Никогда киргиз не встречает затруднений в ссылке на свидетелей, которых выставляет массу, наивно спрашивая, не надо ли еще, и всегда прося допросить так называемых почетных и влиятельных лиц в удостоверение своей невиновности, и чистоты; «мин — ак, таксыр, гуам бар» (я бел, сударь, свидетели есть) — стереотипная фраза, дальше которой не идет логика киргиза-обвиняемого; с нею он идет в тюрьму и каторгу, изумляясь, что, несмотря на массу свидетелей, выставленных им, суд не внимает их показаниям и разрешает дело на основании такой логики, которая обвиняемому совершенно недоступна.

Например, осужденный удивляется, что его осудили, если на его стороне было 14 влиятельных и почетных киргиз, а против него 7 простых, как называют в народе, «джаман адам» (плохой человек), в противоположность первым, «джаксы адам» (хороший человек), так как у киргиз и даже сартов понятие хорошего человека соединяется с представлением о богатстве и влиятельности в обществе.

Любопытно, что при отводе свидетелей по нашему судопроизводству замечается та аномалия, что устранение свидетелей до 4 степени между киргизами есть мертвая буква, так как ближайшее родство по адату до 7 колена; вследствие этого устранение свидетелей, по нашим понятиям о родстве и свойстве, совершенно бесцельно, — киргиз на них никогда и не ссылается.

В подтверждение и пояснение всего сказанного, можно [44] было бы привести массу фактов из практики судей и областных судов Туркестанского и Степного краев, но это слишком бы растянуло настоящую заметку, цель которой доказать только ту солидарность, которая существует у киргиз во всех проявлениях их жизни; она совершенно парализует все мероприятия и применение закона, когда последний приходит в столкновение с интересами родовой группы, вне которой нельзя себе представить киргиза. Несмотря на политику, стремившуюся разбить родовой быт, мы однако видим, что она этого не достигла, хотя киргизы уже сами тяготятся во многих случаях той зависимостью друг от друга, которая опутывает их как паутина; родовое начало, поставленное лицом к лицу с новым для него порядком вещей, основанным на выборе туземных судей и властей, одержало верх и, подчинив себе выборное начало, пагубно отразилось на жизни народа.

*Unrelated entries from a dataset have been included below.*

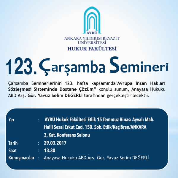 AYBÜ Hukuk Fakültesi Çarşamba Semineri 123-Avrupa İnsan HaklarıSözleşmesi Sisteminde Dostane Çözüm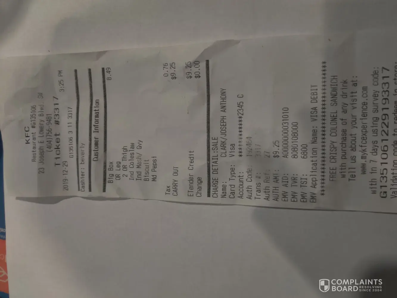 I got my KFC ticket number # 3317 at 3:25 p.m. on 12 /29 /2019 I ordered a number six big box with three pieces with coleslaw and mashed potatoes and gravy cost with tax $9.25 I got chicken that was overcooked and dry. I received a leg, a thigh and a breast when I should have received two thighs and a leg my sides were mashed potatoes and gravy and coleslaw the mashed potatoes had no gravy I called the store to file a complaint I was told that the number 6 big box only came with two pieces of chicken and not three so they would not be able to exchange my order but offered me some new sides I told him I was filing a complaint and they hung up the phone my name is Joseph Clark I am a loyal KFC customer and was disappointed in how the situation was handled I would like a refund or replacement meal [protected] email [protected]@gmail.com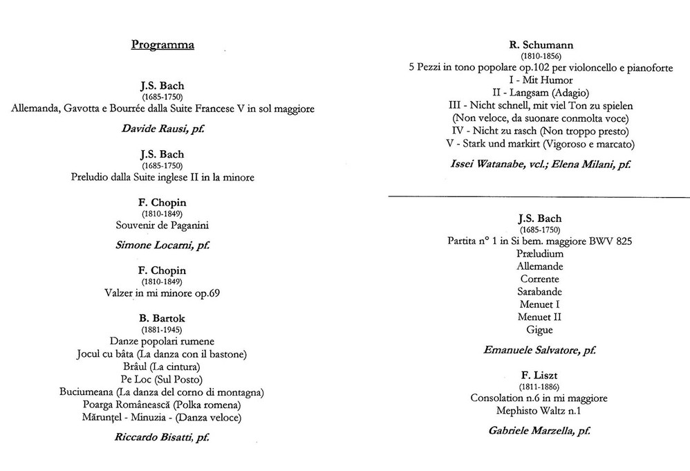 Musiche di Bach, Debussy, Bartok, Schumann, Prokofiev

Личные интересы киргиза слишком близко задевают родовые, а потому выборы, вызывая бесконечные раздоры, интриги и тяжбы, разоряют целые аулы, временно обогащая находящихся у власти, в ущерб общему благосостоянию народной массы; эту выборную спекуляцию с большой выгодой для себя эксплоатируют татары и сарты, ссужающие во время выборной агитации легкомысленных киргиз кредитом, но после получающие с них лихвенные проценты; задолженность степи поэтому поразительная, особенно в виду обычного поручительства друг за друга.

V.

Вдумываясь в такую зависимость киргиза от родовой группы, благодаря чему стушевывается его личность, можем ли мы предъявить в нему требование, чтобы он явился беспристрастным и правдивым свидетелем в делах своих сородичей? Ему нет даже надобности прибегать в подкупу или подговору свидетелей: последние сами сознают, что они слишком связаны с обвиняемым, чтобы решиться идти против него и выступать наперекор общему течению. [45] Такого рода гражданского мужества от киргиза нельзя и требовать.

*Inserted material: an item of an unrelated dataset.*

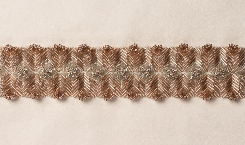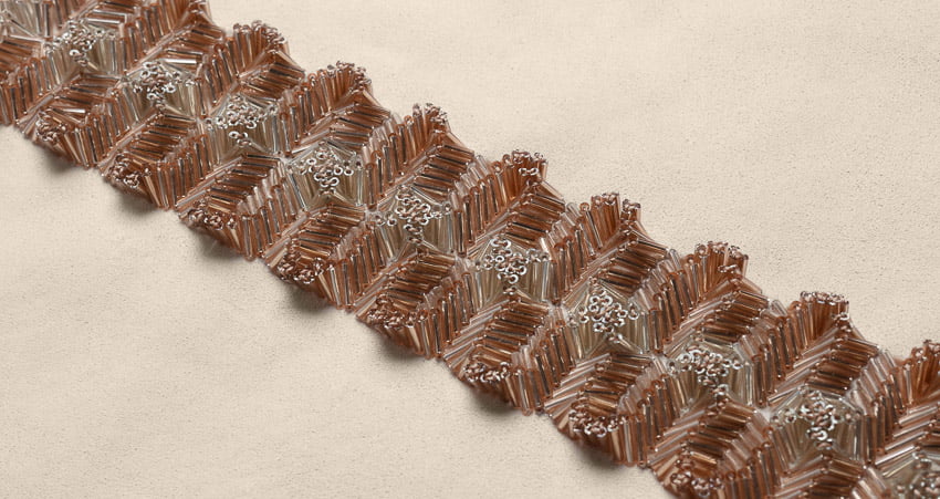 shown in tube beads & thread on cotton satin background – bespoke finishes & sizes available

На самом деле, что он будет делать, если родня от него отвернется? Помощи ему не окажут, поддержки не дадут, взведут на него обвинение, бий постановит заочное решение, калыма не заплатят и даже увезут жену, угонят скот, насчитают больше кибиточной подати, обвинят в краже, составят ложный донос, чтобы довести его до следствия, выставят против него массу свидетелей, обделят водою, он останется без хлеба, в конце-концов он обратится в какого-нибудь «изгоя», — самое подходящее к данному случаю выражение. Если даже у киргиза и является сознание, в случае его религиозности или более развитого нравственного чувства, показать правду, он не в силах этого сделать из страха навлечь на себя беду и этим погубить как себя, так и свою родню.

Итак не одно снисходительное отношение магометанской религии к лжесвидетельству служит причиной последнего у киргиз, но глубокая зависимость его от окружающей среды, которая подавляет его личность и не дает ему возможности поступать иногда так, как подсказывают совесть и разум. Несомненно, что между татарами случаи лжесвидетельства под присягой редки, между сартами часты, но все-таки сдерживаются в известных пределах, а между киргизами почти поголовны. Таким образом, в делах, где задеты партийные счеты, не только бывает трудно установить виновность, но иногда невозможно добиться, был ли самый факт преступления или правонарушения; положение судей и следователей в таких случаях бывает безвыходное: нет критериума, которого можно было бы держаться, особенно если судебный деятель не знает языка, вследствие чего он лишен даже возможности вынести какое-нибудь впечатление о личности судящихся; если бы можно было еще добраться, почему лгут, но и это является недостижимым; приходится решать дело наугад, стараясь назначить minimum наказания, если нельзя вынести оправдательного приговора. [46]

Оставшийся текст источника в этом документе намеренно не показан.